For the purpose of enhancing the phase volume determination, the material balance equation was used to correct the visualization error from the observed interface of W/O emulsion and middle O/W emulsion (Figure 2). For the three-emulsion phase (type A) system, the first step is direct volume balancing by subtracting the volumes of top and bottom phases at equilibrium from initial total volume to calculate the middle emulsion volume.

It can be explained by the following equations:

Voi=(msao-msa)/ρoT
Vmcalc1=Voi+Vwi-Vo-Vw

Here, mao is the bottle mass including oil and water and msa is the bottle mass with water only. ρoT stands for the oil density at test temperature. Voi and Vwi denote the initial introduced oil volume and water volume, respectively, while Vo and Vw are the measured oil volume and water volume.

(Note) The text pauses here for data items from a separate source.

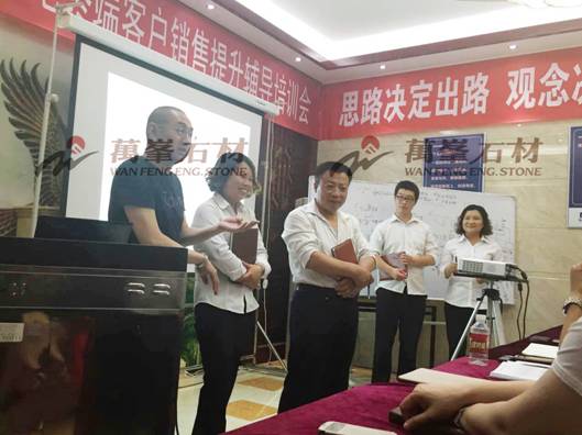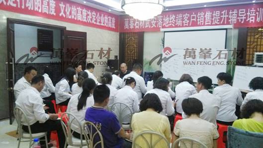 5月27日,石材武安市場專項開展了“銷售提升輔導(dǎo)培訓(xùn)”,旨在提升武安地區(qū)一線銷售人員的綜合能力,為下一步的市場開拓夯實基礎(chǔ)。活動邀請到著名營銷導(dǎo)師鄧煜先生親臨現(xiàn)場,奉獻(xiàn)了一場深入淺出的思想盛宴。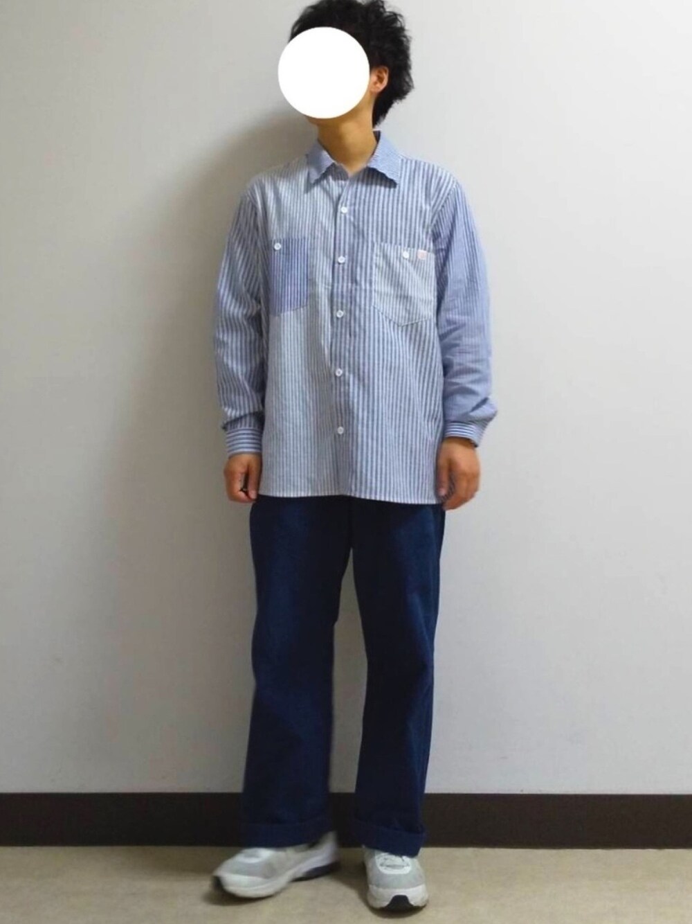BEAMSとUNIVERSAL OVERALLのコラボシャツを着用しました! 両側にポケットがあり、左右でデザインが違っていたりと様々な工夫が施されていて、一枚でさまになる点が気に入ってます😆 また全体的にブルーの色味で統一しました👕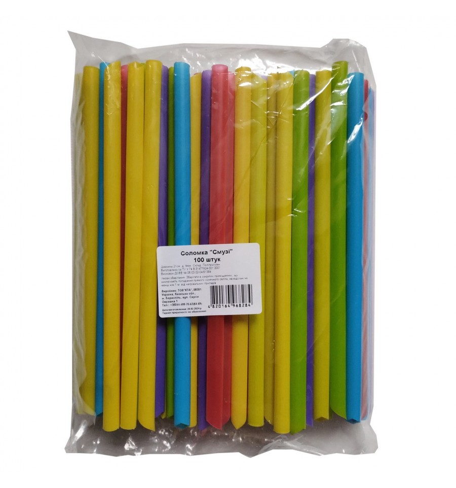 Соломка КТА Смузи 21см х 9мм 100шт/уп. Материал: полипропилен. Условия хранения: хранить в закрытых помещениях, исключающих попадание прямого солнечного света, на расстоянии не менее 1м от нагревательных приборов. Срок годности: неограниченный. Производитель: ООО КТА, ул. Сергея Оврашко 1, г. Борисполь, Киевская обл., Украина, 08301. Количество: 100шт.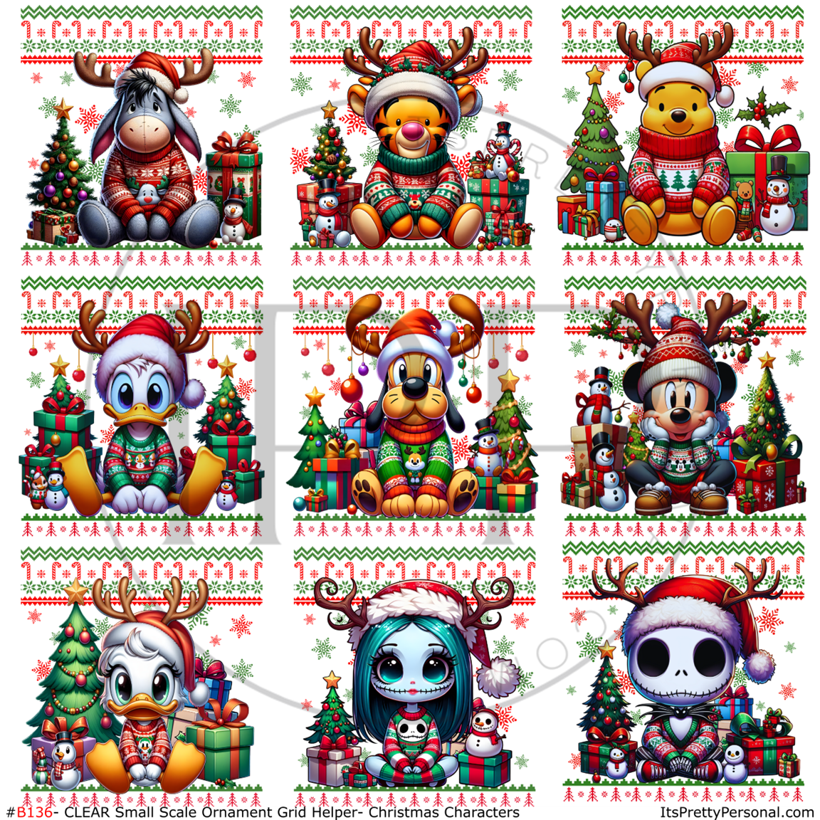#B136- CLEAR Small Scale Ornament Grid Helper-Christmas Characters-12x12 CLEAR Pattern Vinyl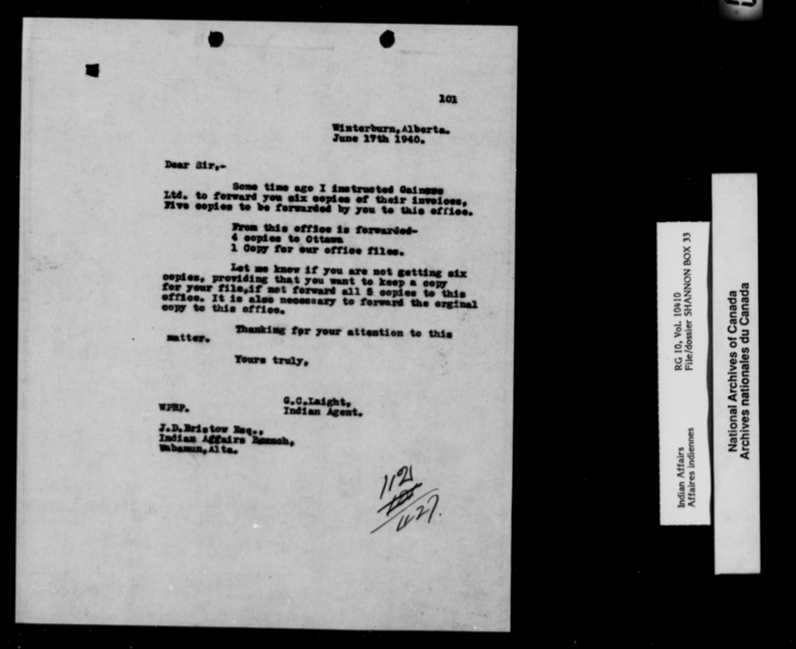 Department of Indian Affairs : Edmonton Agency (Volume 10410, file Shannon box 33 to vol. 10411, Shannon box 36) - 10068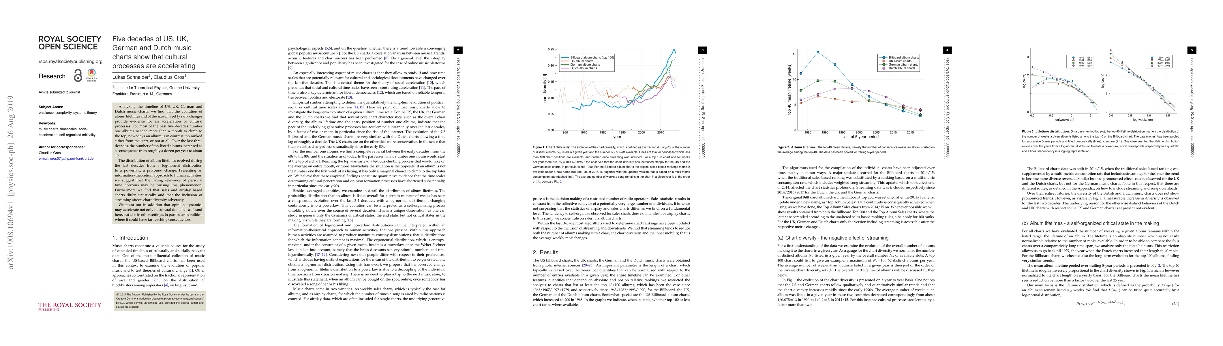 Analyzing the timeline of US, UK, German and Dutch music charts, we find that the evolution of album lifetimes and of the size of weekly rank changes provide evidence for an acceleration of cultural processes. For most of the past five decades number one albums needed more than a month to climb to the top, nowadays an album is in contrast top ranked either from the start, or not at all. Over the last three decades, the number of top-listed albums increased as a consequence from roughly a dozen per year to about 40. The distribution of album lifetimes evolved during the last decades from a log-normal distribution to a powerlaw, a profound change. Presenting an information-theoretical approach to human activities, we suggest that the fading relevance of personal time horizons may be causing this phenomenon. Furthermore we find that sales and airplay based charts differ statistically and that the inclusion of streaming affects chart diversity adversely. We point out in addition that opinion dynamics may accelerate not only in cultural domains, as found here, but also in other settings, in particular in politics, where it could have far reaching consequences.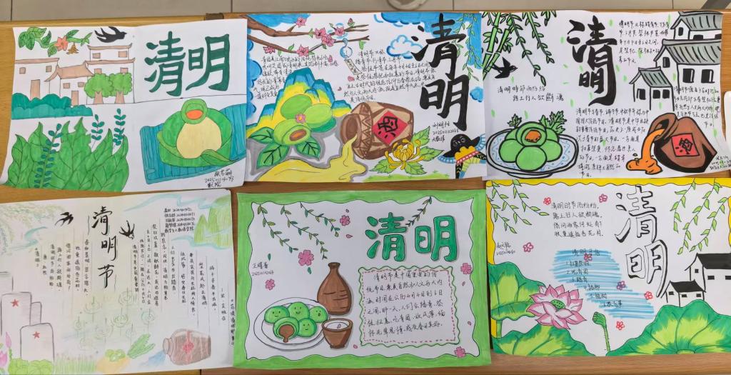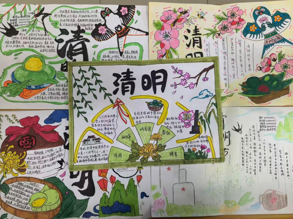 3月30日至4月2日的“墨绘清明意,笔承古今情”手抄报征集活动中,同学们围绕缅怀先烈、传统习俗、文明祭扫等主题进行手绘创作。作品版面整洁、图文并茂,既有祭扫场景与春日风物,又融入传统纹样与先贤形象,以艺术形式传递对文化根脉的珍视。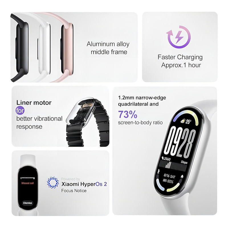Brillo HBM de 1500 nits, visible con cualquier luz: Con un 25% más de brillo que antes, la pantalla alcanza un brillo extraordinario HBM de 1500 nits, lo que permite leer todos los mensajes incluso con luz solar directa. Una experiencia más inteligente con HyperOS: Disfruta de una interfaz de usuario más fluida, conectada y eficiente con el avanzado Xiaomi HyperOS 2. Benefíciate de un rendimiento mejorado del sistema e interacciones más inteligentes en tu muñeca.
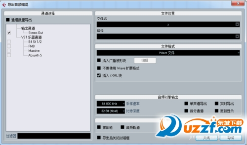 3、在这个栏里可以设置文件名,导出路径,导出文件的类型,以及各种参数,注意下,采样速率和比特深度过高的话输出文件会很大,而且转化过程会很慢,最好不要进行任何操作,而且输出的硬盘最好大一些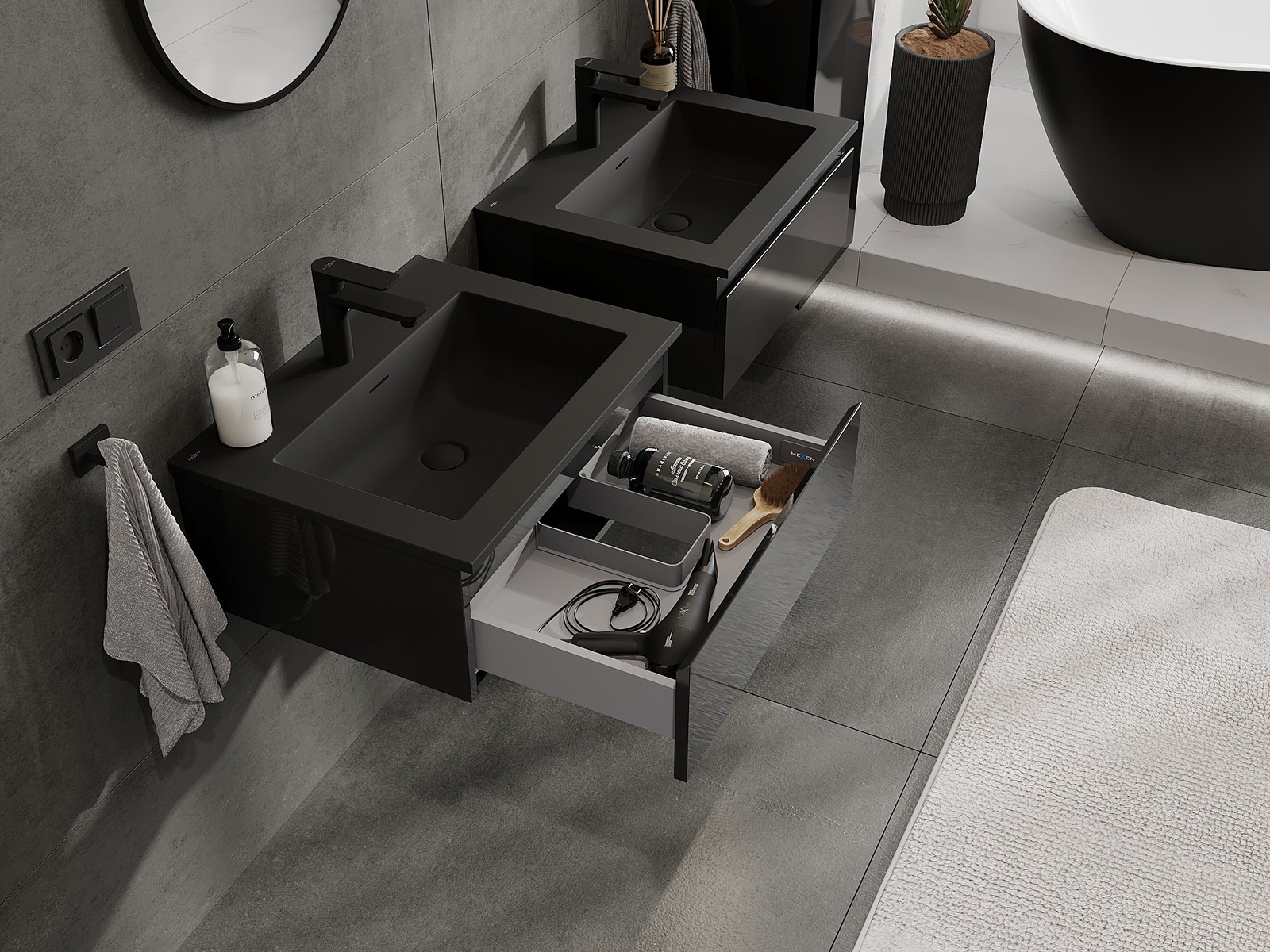Mexen Orio bathroom cabinet 60 cm with Otis washbasin, 1 drawer, black gloss/black matte - 91A10-06023-1-BF70-W18M71

The calculated emulsion phase volume by volume balance is represented by Vmcalc1.

Then, the water content data of each sampled phase can be used to derive the emulsion density at equilibrium state by using the mixing rule for immiscible fluids (Chhabra and Richardson, 2008; Zhang et al., 2018), which is:

ρavg=V%*1+(1-V%)*ρoT
V%=1/(1+(ρw/ρoT)*(1/W%-1))

where ρavg denotes the density of emulsion phase after emulsification and 24 h aging. ρw is water density, W% is water weight fraction, and V% is water volume fraction.

As the original oil and alkaline solution volumes are known, the middle emulsion weight at equilibrium can also be derived by deducting the top and bottom emulsions’ mass from the total mass, mt. Therefore, the volume of middle emulsion can be calculated according to the middle emulsion density, ρavgm. The calculation can be conveyed by the following equations:

mt=Voi*ρoT+Vwi*ρw
Vmcalc2=(mt-Vo*ρavgo-Vw*ρavgw)/ρavgm

Here Vmcalc2 stands for the calculated emulsion phase volume by mass balance and ρavgw is the density of bottom O/W emulsion phase after emulsification and 24 h aging.

Theoretically, the two calculated middle emulsion volumes should be the same; however, the improper oil-external emulsion volume observation results in material balance (MBE) error:

MBE%=Vmcalc2-Vmcalc1Vmcalc2*100%

Thus, W/O emulsion volume can be corrected by tuning Vo and less error indicates the Vo value is getting closer to the true volume.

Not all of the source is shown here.